The primary function of intermediate filaments is to create cell cohesion and prevent the acute fracture of epithelial cell sheets under tension. This is made possible by extensive interactions between the constituent protofilaments of an intermediate filament, which enhance its resistance to compression, twisting, stretching and bending forces. These properties also allow intermediate filaments to help stabilize the extended axons of nerve cells, as well as line the inner face of the nuclear envelope where they help harness and protect the cell’s DNA.
When compared to actin and tubulin, there is greater sequence variation within intermediate filament genes and the proteins they produce. This yields a greater diversity in the types of structures they can form (e.g. hair, nails, feathers, horns). Although different intermediate protein classes share a common ancestral origin, intermediate filament genes are only conserved in metazoans. Fungi and plants lack these filaments and insects have only one class . It seems likely that as the metazoan lineage evolved more intricate and complex tissues and organs, intermediate filaments were adapted and modified for tissue or cell specific purposes.
Intermediate filament subunits do not bind nucleotides and are oriented in opposite directions during filament assembly. This leads to a similar structural appearance at both the filament ends, as suggested by FRAP (fluorescence recovery after photobleaching) experiments . Furthermore subunit exchange is not confined to filament ends, as with microtubules and actin filaments, but occurs along the length of the filament .
The elastic nature of intermediate filaments is due the staggered assembly of their subunits into protofilaments and the high degree of lateral versus longitudinal interactions within the filaments. This structure promotes high tensile strength, toughness and long-range elasticity (reviewed in ).
No motor proteins have been identified to move along intermediate filaments as they lack polarity .
IFs exhibit a dynamic exchange of their constituent subunits, however this exchange rate is much slower than those observed with actin filaments or microtubules .
The soluble subunit for creating intermediate filaments is a tetramer. The tetramer is created from monomers in a stepwise fashion (as reviewed in ). First, two monomers associate via their central domains to form parallel helical coils around each other. This parallel dimer then associates with another parallel dimer in an antiparallel arrangement to form a staggered tetramer. The lateral association of eight tetramers results in the formation of a unit-length filaments (ULF). Two ULFs are able to anneal in an end-to-end fashion (i.e. longitudinally) to form a thick filament, approximately 16 nm in diameter. Further end-to-end annealing of ULFs results in filament elongation, which is followed by radial compaction to achieve the final intermediate filament diameter .
Keratin proteins comprise the two largest classes of intermediate filament proteins. Historically, the two types of keratin were grouped as acidic (type I) or basic (type II) according to the overall physical properties of their composite amino acids. Keratin proteins first assemble into dimers, with one acidic and one basic chain, then into protofilaments and finally into IFs. In 2006, a universal nomenclature for each of the then known keratin genes and proteins, which totaled 54 (28 type I and 26 type II), was established to achieve international consensus for their naming and classification .
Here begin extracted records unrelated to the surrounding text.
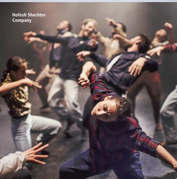
Hofesh Shechter Company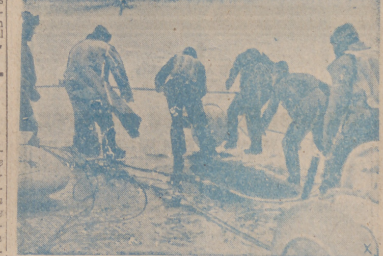
Muy difícil es la traviesa en los pequeños barcos buscaminas. He aquí a los marinos alemanes durante su nada fácil trabajo, a pesar del hielo y del frío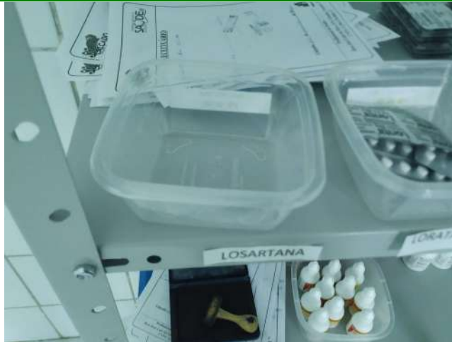
27.37. Ponto de Apoio - Farmácia 04 - Falta Losartana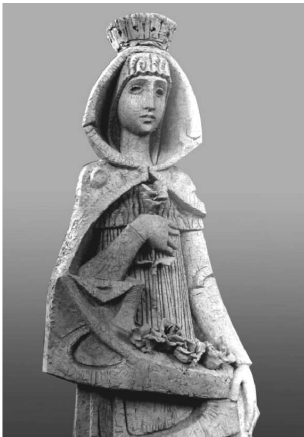
Fig. 5. Santa Isabel de Portugal. Fuentes del Olmo, Manila (Filipinas) 1967

La integración de nuevos materiales supone un enriquecimiento añadido dada su variedad y resultados estéticos. Los recursos y técnicas tradicionales se han adaptado paulatinamente a las nuevas formas expresivas. En consecuencia, los artistas han experimentado un proceso de especialización en el manejo y aprovechamiento de los nuevos medios de creación.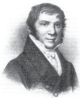
Karol Kurpiński 1785-1857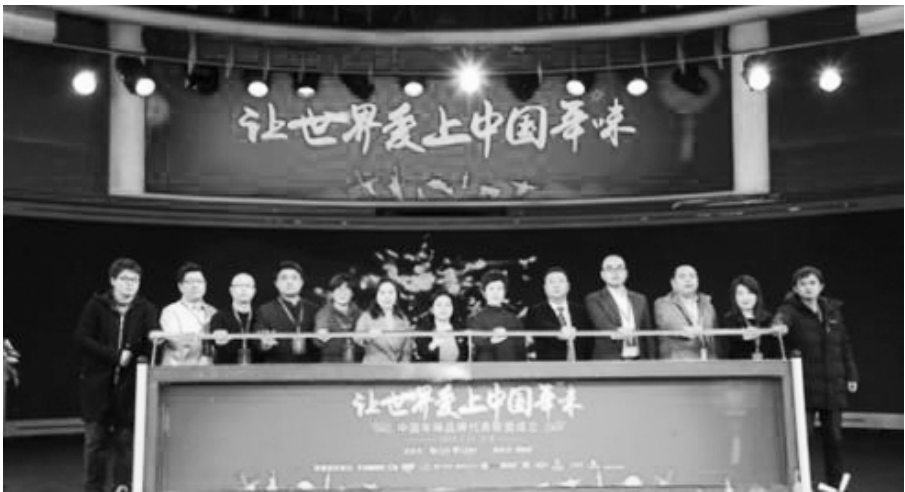
● 中国年味品牌代表联盟发布会现场

北宋末年创办的嵊城周氏渊源堂义塾(剡溪书院前身),名声远播。王十朋曾于 1148 年、1153 年二度入剡担任师席,教授生徒,开一代学风,为剡溪教育事业做出了重要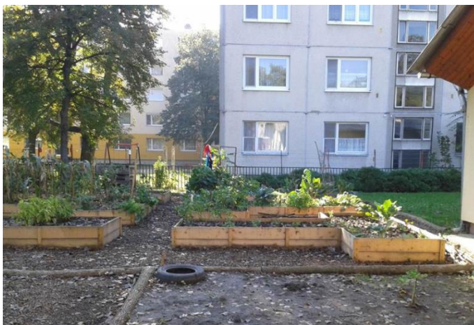
Figure 2. The Megálló Community Garden in Tarján neighborhood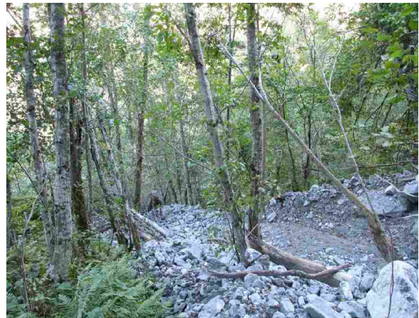
Dei bratte liene i Eikesdalen er utsett for mange slags ras. Det er ikkje rart her er mykje daud ved.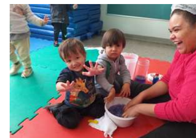
Explorando novas texturas

Sede: ALAMEDA DA CRIANÇA, 105 VILA VITÓRIA – (19) 3875-4598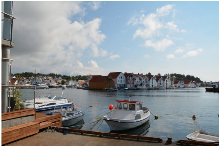
Utsikt tvers over sundet mot Vaholmen.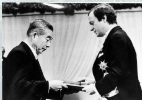
アジア初のノーベル化学賞を 受賞された福井謙一博士

必須ではありませんが、参加人数把握のため、 上記まで連絡をいただくと助かります。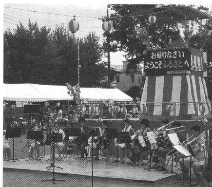
台中の皆さんの素敵なプラスバンド演奏です。

The expression of particular acidic and basic keratins can be cell type specific. Keratins are found in epithelial tissues and their expression can be altered during the lifetime of a cell. Keratins provide vital internal support and cohesion to epithelial cell sheets. For example, the basal layer of epithelial cells that constantly divide and give rise to new skin cells (keratinocytes) become filled with keratin filaments as they mature. The keratin filaments anchor the skin cells to the extracellular matrix (ECM) at their base and to adjacent cells at their sides, through structures called hemidesmosomes and desmosomes, respectively. As these skin cells die, the layer of dead cells form an essential barrier to water loss. Consequently, mutations in keratin genes are known to be responsible for a variety of skin diseases. Keratin-containing structures are also located external to the epithelial cell layer (e.g. hair and nails).